- Abbreviation: NSIWP
- Leader: Terence Allan-Byrne
- Founded: 1968
- Dissolved: late 1980s
- Headquarters: 6 Brendan's Cottages, Irishtown, Dublin 69 Eugene Street, The Coombe
- Newspaper: Phoenix
- Ideology: Neo-Nazism
- Political position: Far-right
- International affiliation: World Union of National Socialists

= National Socialist Irish Workers Party =

Defunct Irish political party

The National Socialist Irish Workers Party (NSIWP) was a minor Neo-Nazi party in Ireland, founded in 1968.

==History==

The NSIWP was founded in 1968 by Terence Allan-Byrne in Irishtown, Dublin. Among its members was Jos Mussche, a former member of the Dutch SS. Its newsletter was called Phoenix.
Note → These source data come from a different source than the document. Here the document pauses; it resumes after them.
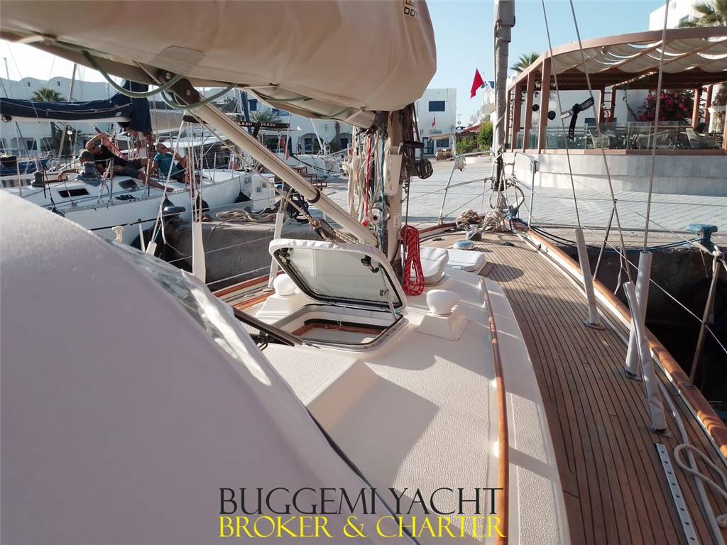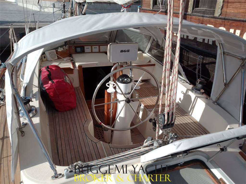 Barca completamente revisionata 2020-23: compreso nuovo motore Beta Marine Kubota 38 cv del 2021 con asse nuovo 2018, nuove vele Doyle Tessuto Contender Fibercon Hybride con Dyneema 2021 garantite 20 anni, cime e drizze 2021/24 dyneema. e lazy bag nuovo 2023, nuovo sartiame Hylas 2018, pilota automatico idraulico Simrad totalmente revisionato 2021 con sostituzione pompa idraulica e pistone, nuovo bimini e tendalini Sunbrella 2023 con chiusura totale del pozzetto, elettronica e radar B&G con chart plotter Zeus 9” nuova 2018, Interni revisionati con nuovi tessuti nelle cabine 2023, Riscaldamento Eberspacher diesel.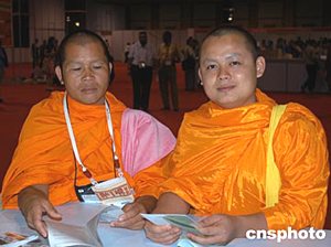 2004年7月初,兩位身著袈裟的泰國僧人,作為志愿者為第十五屆世界艾滋病大會會務(wù)服務(wù)。中新社記者:曾利明
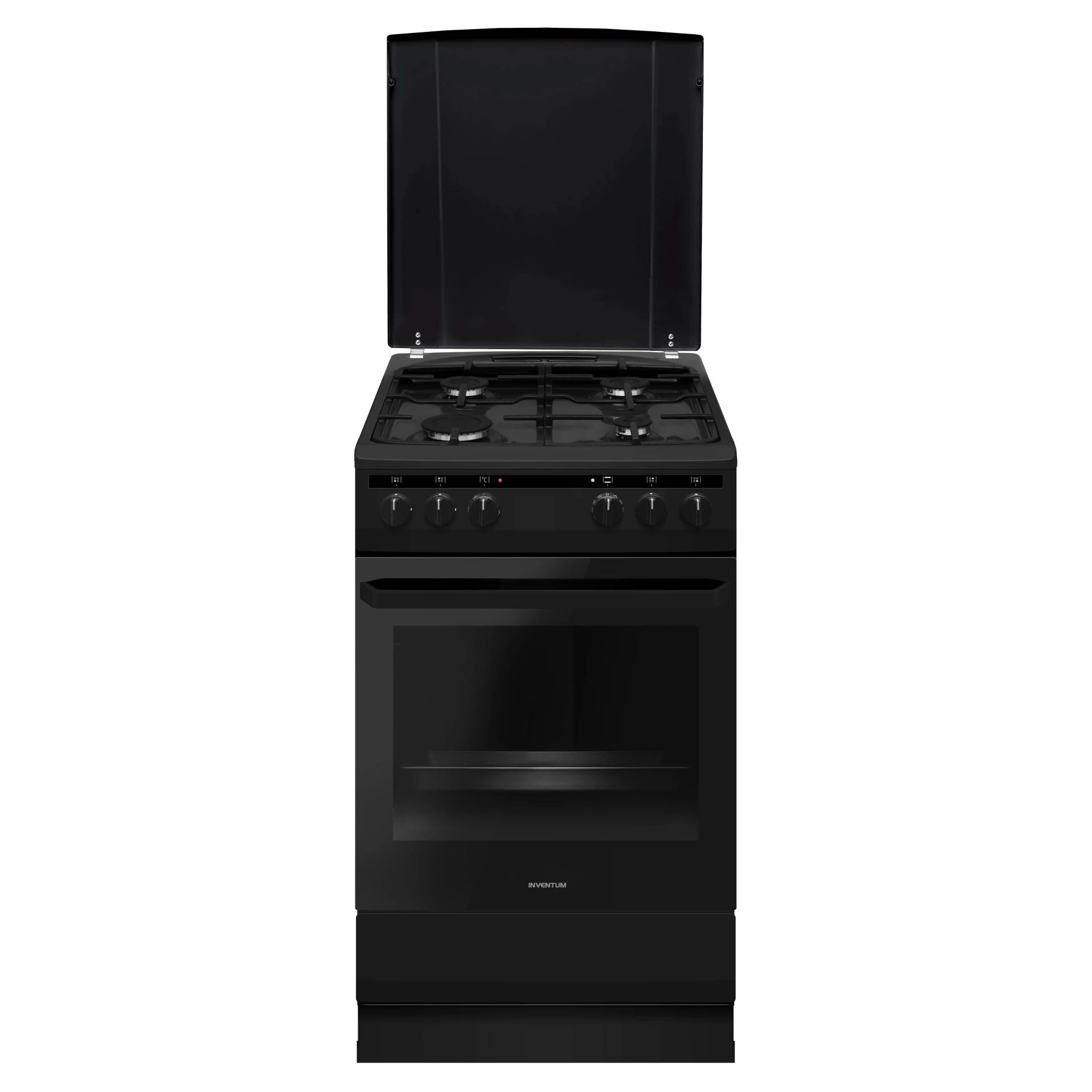 Inventum VFG5020GZWA - 50 cm vrijstaand gasfornuis met elektrische hetelucht oven - Zwart

The party had close links to the National Socialist British Workers Party, and was affiliated to the World Union of National Socialists.

In 1979, Byrne had a swastika carved into his chest; he refused to allow an Indian doctor treat it and was referred to another hospital, where a different doctor refused to treat him and ‘remarked that the wounds he was receiving were costing the tax-payers a lot of money’.

The NSIWP sought to recruit UNIFIL veterans "who had witnessed at first hand the devastation caused by Israeli power".

The NSIWP only ever had a handful of members and never contested any elections; however, it was important in producing of Nazi paraphernalia for the European and British movement, as, unlike most European countries, Ireland had no law like the British Race Relations Acts that forbade production or sale of neo-Nazi material. They also sent threatening letters to Irish Jews and Black people living in Ireland. Tomás Mac Giolla (Workers' Party, a socialist party), Tony Gregory (an independent left-wing TD) and Alan Shatter (a Jewish Fine Gael TD) raised the matter in Dáil Éireann in 1985; the Prohibition of Incitement To Hatred Act, 1989 made the production of such items illegal.

Republican socialists and other anti-fascists occasionally fought with NSIWP members. "Commander" Byrne died in the early 1980s, and the party ceased to exist by the late 1980s. Colm Tarrant, secretary of the NSIWP, later went on to work with the Irish–Arab Society, an anti-Israel organisation.